Personal information
- Full name: Thomas Scannell
- Date of birth: 3 June 1925
- Place of birth: Youghal, Ireland
- Date of death: 30 November 1993 (aged 68)
- Place of death: Stepney, England
- Height: 6 ft 0 in (1.83 m)
- Position(s): Goalkeeper

Senior career*
- Years: Team / Apps / (Gls)
- 0000: Tilbury
- 1949–1955: Southend United / 98 / (0)
- 0000: Folkestone

International career
- 1954: Republic of Ireland / 1 / (0)

= Tom Scannell =

Irish footballer (1925–1993)

Thomas Scannell (3 June 1925 – 30 November 1993) was an Irish professional footballer.

==Club career==
Born in Youghal, Ireland, Scannell began his career in England with Essex-based club Tilbury. In November 1949, Scannell signed for Southend United.
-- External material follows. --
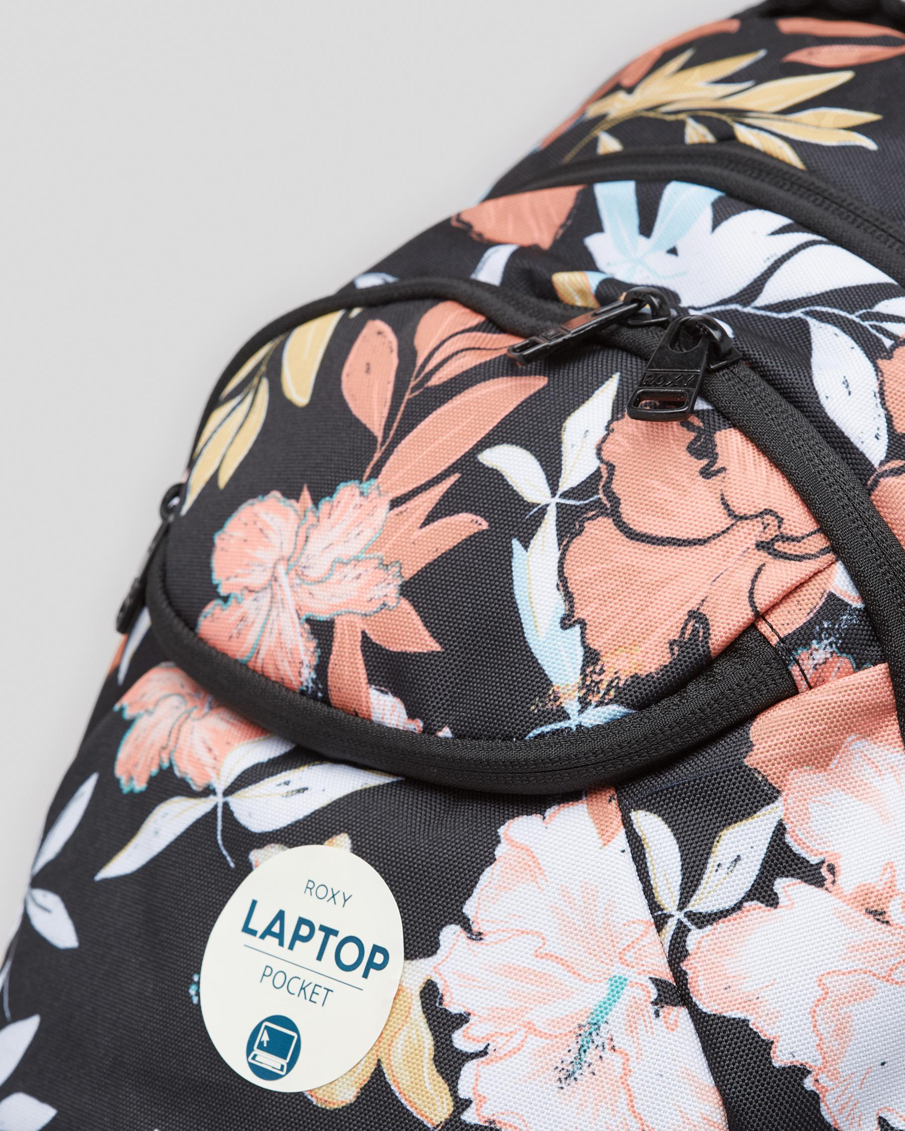 Handle, Padded straps, Padded backpanel, Media compartment, External zipped pocket, Fits A4 sized folders and books, Waterbottle pouch

Scannell's transfer fee, coupled with Tilbury's impressive run to the FA Cup first round in the same year, allowed Tilbury to purchase their Chadfields ground. Whilst at Southend, Scannell made 98 Football League appearances at the club, conceding 148 goals in his first 100 games in all competitions and keeping 31 clean sheets. In 1955, following his time at Southend, Scannell dropped back into non-league, signing for Folkestone.

==International career==
On 7 March 1954, aged 29, Scannell made a solitary senior appearance for the Republic of Ireland national football team, starting in an experimental line-up that defeated Luxembourg 1–0 in a World Cup qualifier.

==Personal life==
Scannell and his wife Peggy had five children, one of whom, Tony, was an actor, best known for his role as Detective Sergeant Ted Roach in the television series The Bill. Tony left The Bill in 1993, the same year of his father's death, before a brief return in 2000. Tony died in May 2020. Another son of Scannell's, John, was a semi-professional goalkeeper, who played for Herne Bay and Whitstable Town.